The error shows that Diesel expects (Integer, Text, Bool) but User does not match. Check the field types in User against the schema.

Missing derive macros also cause E0277. If you forget #[derive(Queryable)], Diesel cannot map rows to the struct. The error message points to the missing trait. Add the derive and the error disappears.

Field order matters for Queryable if you do not use Selectable. If the struct fields do not match the SELECT column order, you get a type mismatch. Use Selectable to avoid this issue. Selectable maps columns by name, not order.

// Without Selectable, this fails if the SELECT order differs.
#[derive(Queryable)]
struct User {
    active: bool, // Wrong order if SELECT is id, email, active
    id: i32,
    email: String,
}

// With Selectable, field order does not matter.
#[derive(Queryable, Selectable)]
#[diesel(table_name = schema::users)]
struct User {
    active: bool,
    id: i32,
    email: String,
}

Read the compiler error from the bottom up. The root cause is usually a type mismatch or a missing derive macro.

Decision: Diesel vs alternatives

Rust has several ways to interact with databases. Diesel is not the only option. Choose based on your needs.

Use Diesel when you want a type-safe query builder that catches schema mismatches at compile time. The query builder API is fluent and ergonomic. You get safety without writing raw SQL strings.

Use Diesel when you are building a CRUD-heavy application and want the convenience of Queryable, Insertable, and Selectable derives.
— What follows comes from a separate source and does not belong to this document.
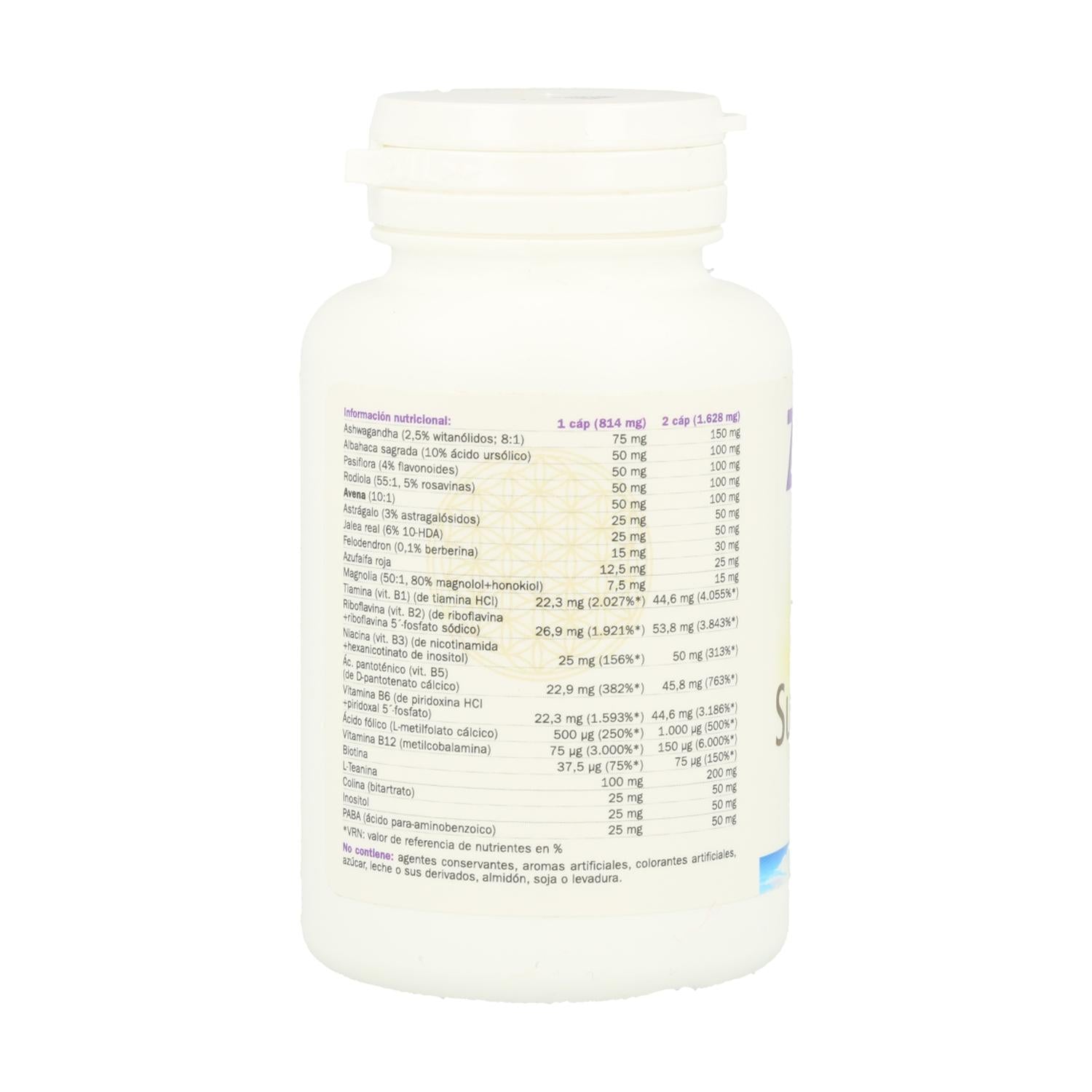 L-teanina, extracto de raíz de ashwagandha (Withania somnifera), extracto de hoja de albahaca sagrada (Ocimum tenuiflorum), extracto de pasiflora (Passiflora incarnata), extracto de rodiola (Rhodiola rosea), extracto de avena (Avena sativa), bitartrato de colina, D-pantotenato cálcico (vit. B5), inositol, ácido para-aminobenzoico (PABA), clorhidrato de tiamina (vit. B1), riboflavina (vit. B2), clorhidrato de piridoxina (vit. B6), D-ribosa, extracto de raíz de astrágalo (Astragalus membranaceus), hexanicotinato de inositol (vit. B3), extracto de corteza de felodendron (Phellodendron amurense), fruto de azufaifa roja (Ziziphus jujuba), nicotinamida (vit. B3), extracto de corteza de magnolia (Magnolia officinalis), antiaglomerantes (estearato de magnesio vegetal y dióxido de silicio), L-metilfolato cálcico, D-biotina, riboflavina 5´-fosfato sódico (vit. B2), piridoxal 5´-fosfato (vit. B6), metilcobalamina (vit. B12), cápsula vegetal (agente de recubrimiento: hidroxipropilmetilcelulosa; humectante: agua purificada).

These macros reduce boilerplate and prevent mapping errors.

Reach for sqlx when you prefer writing raw SQL strings but still want compile-time verification of the query structure. sqlx checks SQL syntax and types at compile time using a macro. It has less runtime overhead than Diesel's query builder.

Pick raw SQL via diesel::sql_query when you need complex database-specific features that the query builder does not support yet. Diesel allows raw SQL fallbacks, but you lose type safety. Use this sparingly.

Avoid Diesel if your project requires zero-cost abstractions above the SQL generation layer. Diesel has some runtime overhead in the query builder. For performance-critical paths, benchmark against sqlx or raw SQL.

Choose the tool that matches your comfort with SQL. Diesel abstracts it; sqlx embraces it.